I will explain the hash table in detail in the database section later. At present, we only need to know that the hash table can be quickly searched.

Let me give an example. The time it takes to search 10,000 times in the list (data structure that does not contain the hash table) and set (the data structure that contains the hash table):

a = list(range(100000))
b = set(range(100000))

import time

time_start = time.time()

for _ in range(10000):
    99999 in a

time_end = time.time()
print('list time cost = ', time_end - time_start, 's')



time_start = time.time()

for _ in range(10000):
    99999 in b

time_end = time.time()
print('set time cost = ', time_end - time_start, 's')
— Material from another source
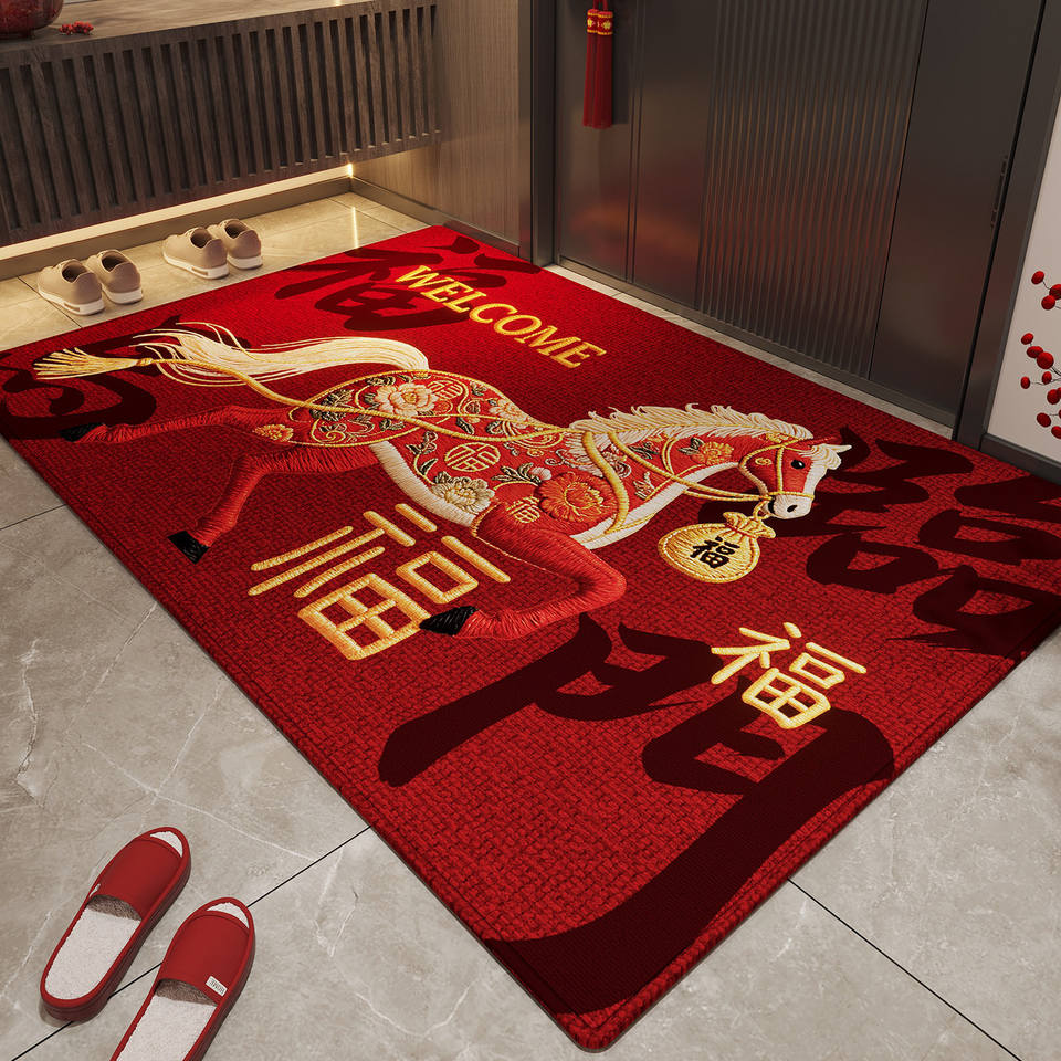 พรมเช็ดเท้าหน้าประตูปีม้า 2018 กันลื่น รูปทรงสี่เหลี่ยมผืนผ้า สำหรับปีใหม่จีน ทอโดยเครื่อง ซักมือได้

The result of running this program is:

list time cost =  8.223406553268433 s
set time cost =  0.0 s
>>> 

You will find that it takes a long time to search when the data structure does not contain a hash table, and when the data structure contains a hash table, the search can be completed in almost no time.

This difference becomes more obvious when the amount of data becomes larger.

So when we perform large-scale data search, we should use data structure contains hash tables.

set

The meaning of set is derived from mathematics and refers to an unordered list without repetition.

We can create a new collection in the following way.

>>> a = set()
>>> a
set()
>>> 

We can also convert a list into a collection.

>>> a = [1, 2, 2, 2, 3, 4, 4, 5, 5, 5]
>>> a
[1, 2, 2, 2, 3, 4, 4, 5, 5, 5]

>>> a = set(a)
>>> a
{1, 2, 3, 4, 5}
>>> 

You will find that the repeated elements have been deleted from the set.

The set uses a hash table index, so the set is unordered, and we cannot index the set:

>>> test_set = {1,2,3,4,5}

>>> test_set[3]
Traceback (most recent call last):
  File "<pyshell>", line 1, in <module>
    test_set[3]
TypeError: 'set' object is not subscriptable
>>> 

Set is not used much in python, it is mainly used to remove redundant elements in the list:

>>> a = [1, 2, 2, 2, 3, 4, 4, 5, 5, 5]
>>> a = list(set(a))
>>> a
[1, 2, 3, 4, 5]
>>> 

dictionary

Dictionaries are used a lot in python. Because the hash table index is used, the dictionary can be looked up quickly.

>>> d = {'name':'tom', 'age':24, 'gender':'male'}
>>> d
{'name': 'tom', 'age': 24, 'gender': 'male'}
>>> 

As shown in the code block above, we have created a dictionary.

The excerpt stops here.